↓↓↓

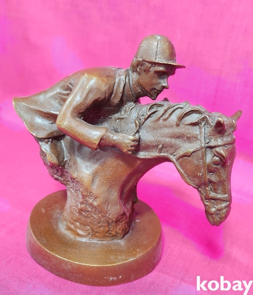 적동(赤銅)으로 만들어진 경주마 형상 조각품입니다,
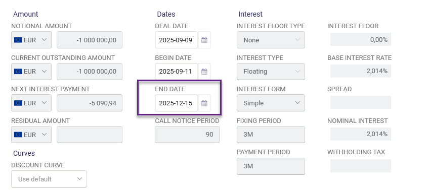 The loan in the example above, will automatically be prolonged every day, meaning that the days to final maturity is always 90 days.
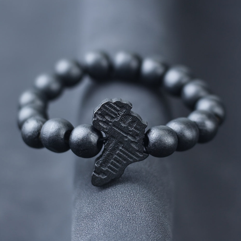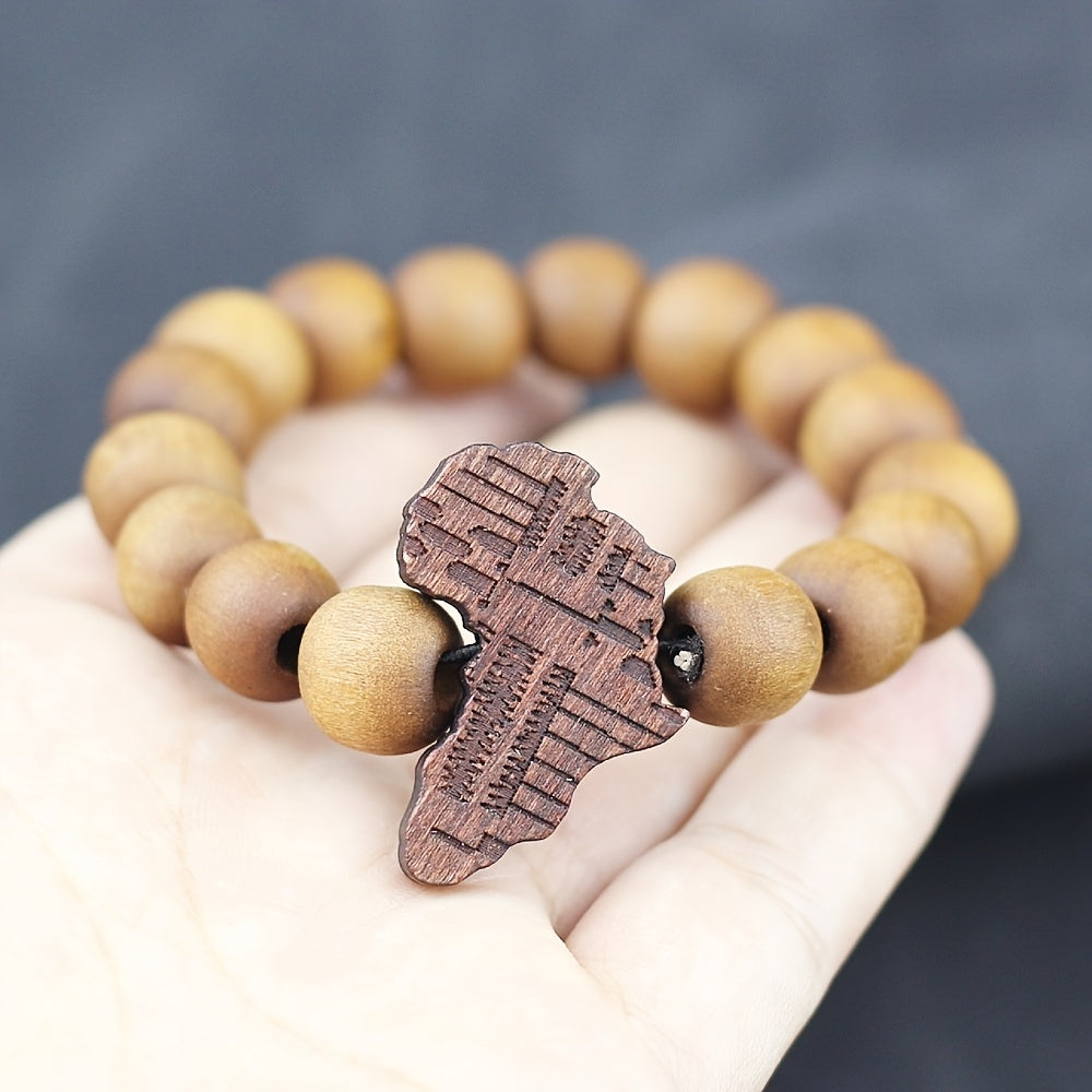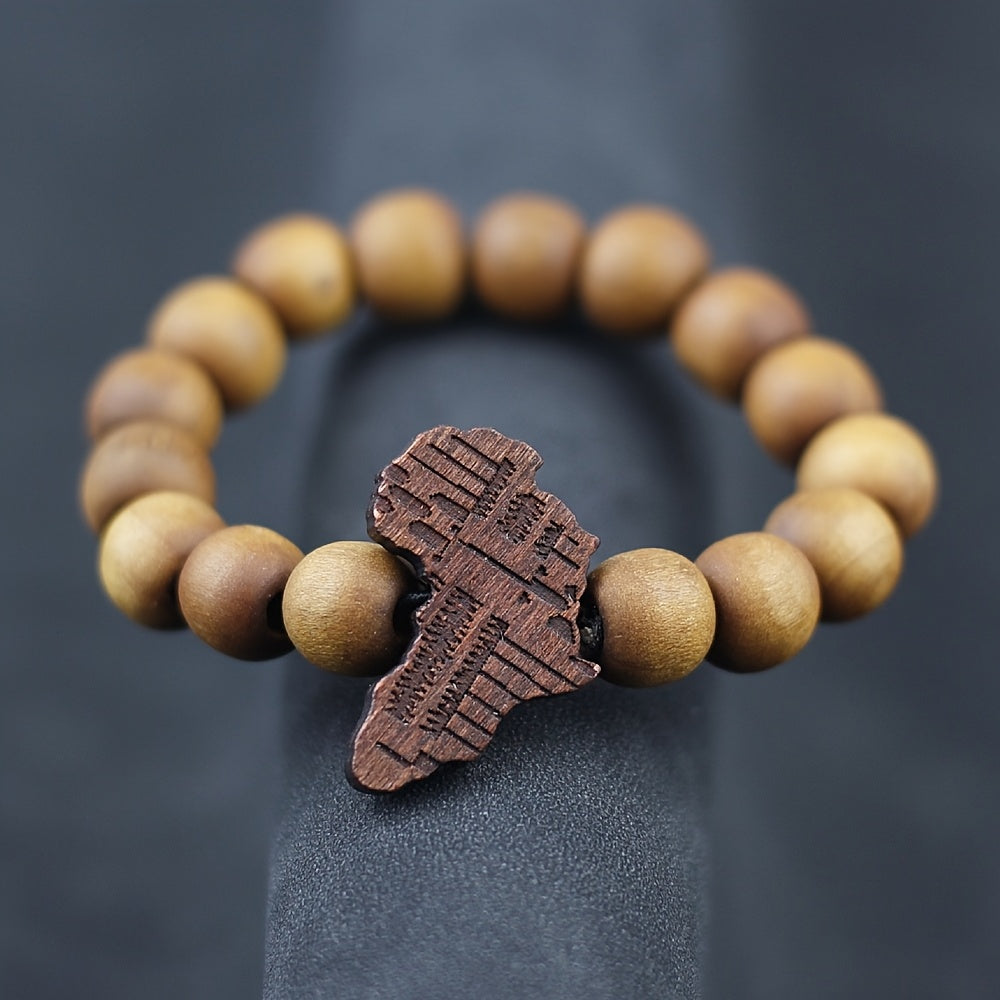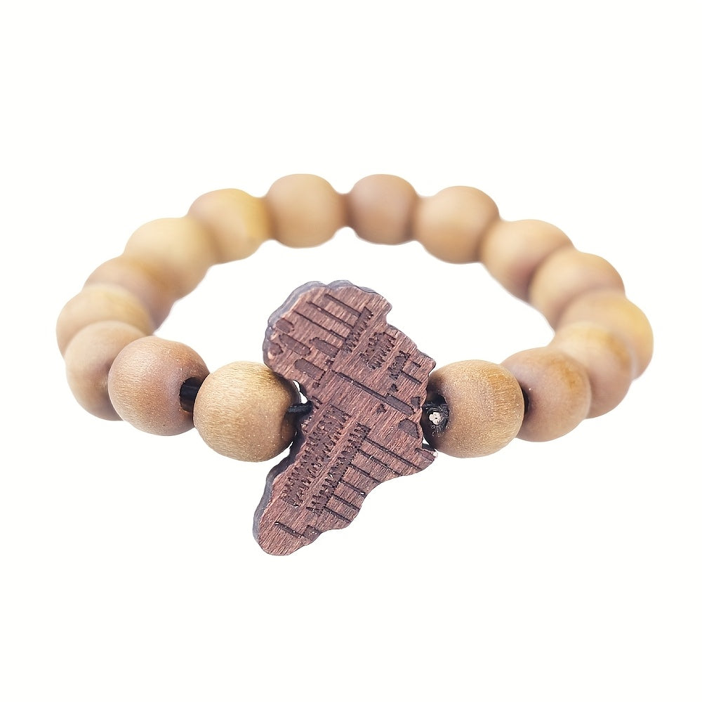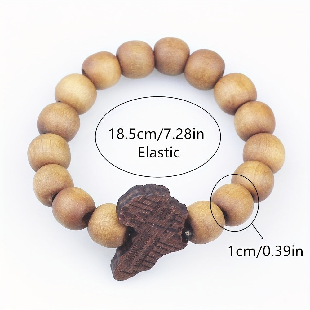 Brown wooden beaded bracelet featuring African map design with a tribal style, stretchy and ideal for daily wear, parties, and holidays. Adorned with an elephant pendant for added charm.

↑↑↑

### [What to produce]
Output the data verbatim, images excluded.

### [Task result]
 적동(赤銅)으로 만들어진 경주마 형상 조각품입니다,
 The loan in the example above, will automatically be prolonged every day, meaning that the days to final maturity is always 90 days.
 Brown wooden beaded bracelet featuring African map design with a tribal style, stretchy and ideal for daily wear, parties, and holidays. Adorned with an elephant pendant for added charm.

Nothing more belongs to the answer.